A Phase I/II Clinical Trial of LBL-034 in Patients With Relapsed Refractory Multiple Myeloma

Overview

This is a single-arm, open-label, multicenter, dose-escalation, and dose-expansion phase I/II clinical study to evaluate the safety, tolerability, pharmacokinetics, immunogenicity, and efficacy of LBL-034 in patients with Relapsed/Refractory Multiple Myeloma (R/R MM).

Description

A multicenter, open-label, phase I/II clinical study to evaluate the safety, tolerability, pharmacokinetics, and efficacy of LBL-034 in patients with relapsed/refractory multiple myeloma.

This trial includes two parts: phase I and phase IIa study.

The dose escalation and dose expansion studies for LBL-034 will be conducted in the phase I study to evaluate safety, tolerability and determine RP2D.

The efficacy of LBL-034 in the treatment of R/R MM and R/R leukaemia plasmacytic (plasma cell leukemia, PCL) will be evaluated in Phase IIa study.Phase IIa clinical study will be conducted after obtaining the RP2D.Determine the specific dosing regimen in Phase IIa based on the safety, PK and other data from Phase I clinical studies.Phase IIa clinical study includes 4 cohorts.This trial requires collection of biological samples from all subjects for relevant testing.
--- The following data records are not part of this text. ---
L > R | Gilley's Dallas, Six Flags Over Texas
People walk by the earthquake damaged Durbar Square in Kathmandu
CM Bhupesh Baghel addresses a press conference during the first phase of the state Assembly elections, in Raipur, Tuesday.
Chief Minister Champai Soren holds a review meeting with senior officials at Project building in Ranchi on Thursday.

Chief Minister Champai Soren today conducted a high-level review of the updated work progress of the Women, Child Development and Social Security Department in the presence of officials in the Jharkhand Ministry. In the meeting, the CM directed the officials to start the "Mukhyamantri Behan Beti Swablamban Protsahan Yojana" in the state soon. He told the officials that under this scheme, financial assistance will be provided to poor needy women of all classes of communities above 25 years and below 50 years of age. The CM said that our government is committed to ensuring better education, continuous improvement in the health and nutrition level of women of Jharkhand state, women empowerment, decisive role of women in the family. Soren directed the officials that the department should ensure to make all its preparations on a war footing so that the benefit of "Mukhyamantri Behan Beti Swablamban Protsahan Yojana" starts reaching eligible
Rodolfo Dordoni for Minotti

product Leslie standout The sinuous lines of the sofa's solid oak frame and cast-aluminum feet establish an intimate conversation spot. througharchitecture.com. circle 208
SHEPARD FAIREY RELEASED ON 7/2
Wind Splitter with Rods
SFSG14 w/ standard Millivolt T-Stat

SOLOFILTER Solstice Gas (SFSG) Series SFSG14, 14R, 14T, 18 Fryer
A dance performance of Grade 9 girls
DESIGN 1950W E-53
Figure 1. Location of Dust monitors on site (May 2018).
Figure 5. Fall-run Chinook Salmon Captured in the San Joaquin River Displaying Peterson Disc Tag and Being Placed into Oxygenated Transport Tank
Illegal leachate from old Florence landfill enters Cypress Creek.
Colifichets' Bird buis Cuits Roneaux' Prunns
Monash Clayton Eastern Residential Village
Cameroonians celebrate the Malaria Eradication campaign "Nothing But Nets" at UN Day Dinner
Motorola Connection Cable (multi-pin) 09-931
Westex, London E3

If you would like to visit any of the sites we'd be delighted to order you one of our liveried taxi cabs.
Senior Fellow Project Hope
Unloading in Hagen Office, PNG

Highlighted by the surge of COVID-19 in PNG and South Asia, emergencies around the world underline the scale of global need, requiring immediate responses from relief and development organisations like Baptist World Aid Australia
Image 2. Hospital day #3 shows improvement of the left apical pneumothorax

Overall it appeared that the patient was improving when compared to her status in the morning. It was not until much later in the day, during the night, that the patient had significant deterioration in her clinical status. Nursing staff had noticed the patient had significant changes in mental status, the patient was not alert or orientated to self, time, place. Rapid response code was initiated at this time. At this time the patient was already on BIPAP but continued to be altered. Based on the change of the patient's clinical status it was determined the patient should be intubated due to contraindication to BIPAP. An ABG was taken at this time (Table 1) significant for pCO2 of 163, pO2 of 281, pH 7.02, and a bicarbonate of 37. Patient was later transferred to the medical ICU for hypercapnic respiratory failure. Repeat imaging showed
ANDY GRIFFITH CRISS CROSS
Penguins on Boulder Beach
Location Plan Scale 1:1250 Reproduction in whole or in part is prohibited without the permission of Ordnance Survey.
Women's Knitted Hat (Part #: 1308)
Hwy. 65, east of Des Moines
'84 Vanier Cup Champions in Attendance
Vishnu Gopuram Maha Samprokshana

This clinical trial will enroll 342 patients in Phase I and Phase IIa studies.

Eligibility

Inclusion Criteria:

1. Agree to follow the trial treatment regimen and visit schedule, voluntarily enroll in the study, and sign the written informed consent form;
2. Age ≥ 18 years at the time of signing the informed consent;
3. Eastern Cooperative Oncology Group (ECOG) Performance Status Scale≤ 1；
4. Documentation of initial diagnosis of multiple myeloma according to IMWG diagnostic criteria；
5. Have a life expectancy of at least 12 weeks；
6. Fertile men and women of childbearing age are willing to take effective contraceptive measures (including abstinence, intrauterine devices, hormonal contraception, and correct use of condoms) from the signing of the informed consent form to 6 months after the last dose of the investigational drug; women of childbearing age include premenopausal women and women who had menopause less than two years ago. Blood pregnancy test results must be negative for women of childbearing age within 7 days prior to the initial dose of the investigational drug.

Exclusion Criteria:

1. Subjects who underwent major organ surgery (excluding needle biopsy) or significant trauma within 4 weeks prior to the initial use of the investigational drug,or require elective surgery during the trial period;
2. Use of immunomodulatory drugs within 14 days prior to the initial use of the investigational drug, including but not limited to thymosin, interleukin-2, and interferon；
3. Systemic use of corticosteroids or other immunosuppressants within 14 days prior to the initial use of the investigational drug;The following conditions are excluded: Treatment with topical, ocular, intra-articular, intranasal, and inhaled corticosteroids; short-term use of glucocorticoids for preventive therapy (e.g., to prevent contrast allergy);
4. Patients with active hepatitis B or C；
5. Subjects with an active infection that currently requires intravenous anti infective therapy;
6. The patient has a Medical history of immunodeficiency, including HIV antibody positive;
7. Women during pregnancy or lactation;
8. The investigator believes that the subject has other conditions that may affect compliance or are not suitable for participating in this study.